Supplied material START

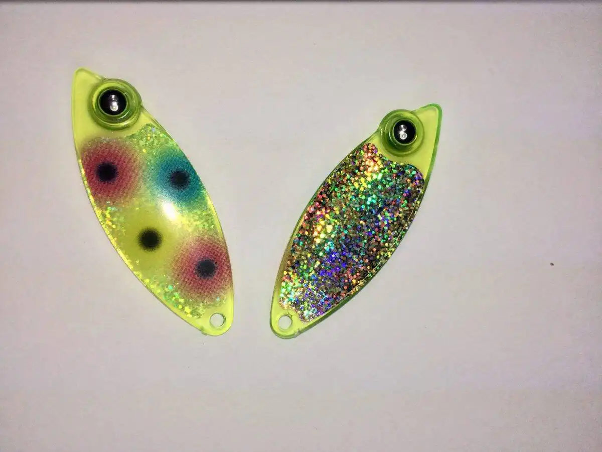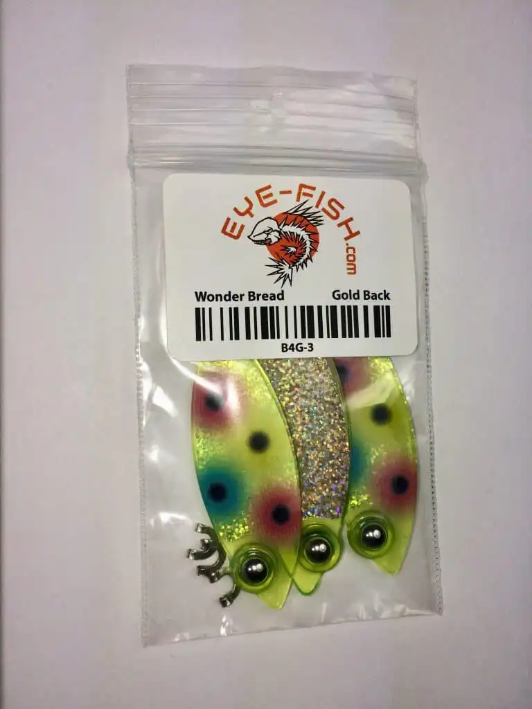 These Weighted Willow Blades have our Eye-Fish Wonder Bread front design and Gold colored backing. They come in a package of 3 along with 3 #2 Folded clevis’s.
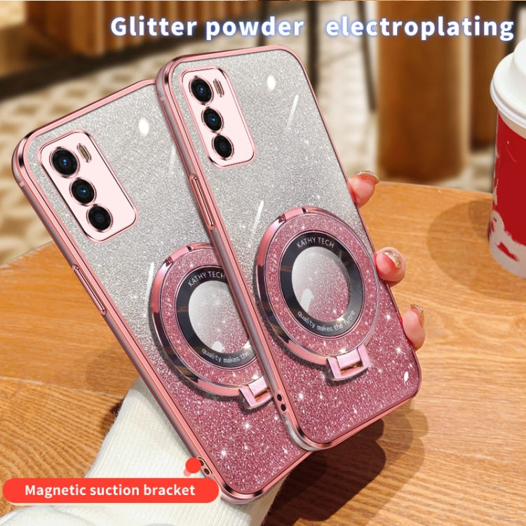 For Motorola Moto G42 Plated Gradient Glitter Round Holder TPU Phone Case(Black)
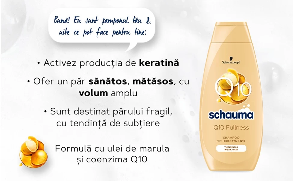Начните заботиться о красоте и здоровье вашей прически вместе с Schauma Q10 и уже скоро вы заметите, как ваши волосы приобретают невиданные ранее сияние и блеск.
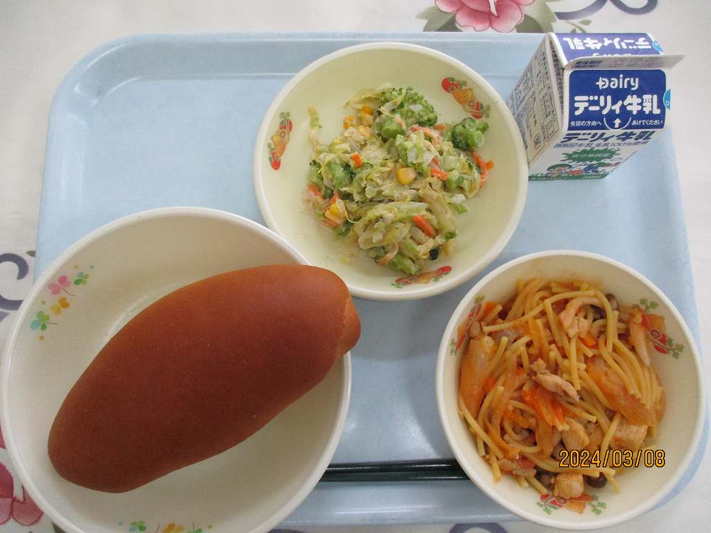 | 2024/03/12 2024年3月8日(金)の給食 【小学校】 麦ごはん、牛乳、ピリ辛みそ汁、白身魚の中華あんかけ はくさいは、ちゅうごくからつたわったやさいです。はくさいはやさいのなかでもすいぶんがおおくふくまれています。からだのちょうしをととのえるはたらきがあります。 【中学校】 黒糖パン、牛乳、スパゲティナポリタン、ごまドレッシングサラダ パスタは、小麦粉と水でこねたものを総称していいます。 ペン先のような形をしているペンネ、マカロニよりひと回り太くて表面にすじがあるリガトーニ、蝶の形のもの、スープの浮き実用に使われるものなどがあります。 |

Supplied material END

• _Task to carry out_:
The answer is the whole listing retyped exactly, with pictures omitted.

• _Output below_:
 These Weighted Willow Blades have our Eye-Fish Wonder Bread front design and Gold colored backing. They come in a package of 3 along with 3 #2 Folded clevis’s.
 For Motorola Moto G42 Plated Gradient Glitter Round Holder TPU Phone Case(Black)
Начните заботиться о красоте и здоровье вашей прически вместе с Schauma Q10 и уже скоро вы заметите, как ваши волосы приобретают невиданные ранее сияние и блеск.
 | 2024/03/12 2024年3月8日(金)の給食 【小学校】 麦ごはん、牛乳、ピリ辛みそ汁、白身魚の中華あんかけ はくさいは、ちゅうごくからつたわったやさいです。はくさいはやさいのなかでもすいぶんがおおくふくまれています。からだのちょうしをととのえるはたらきがあります。 【中学校】 黒糖パン、牛乳、スパゲティナポリタン、ごまドレッシングサラダ パスタは、小麦粉と水でこねたものを総称していいます。 ペン先のような形をしているペンネ、マカロニよりひと回り太くて表面にすじがあるリガトーニ、蝶の形のもの、スープの浮き実用に使われるものなどがあります。 |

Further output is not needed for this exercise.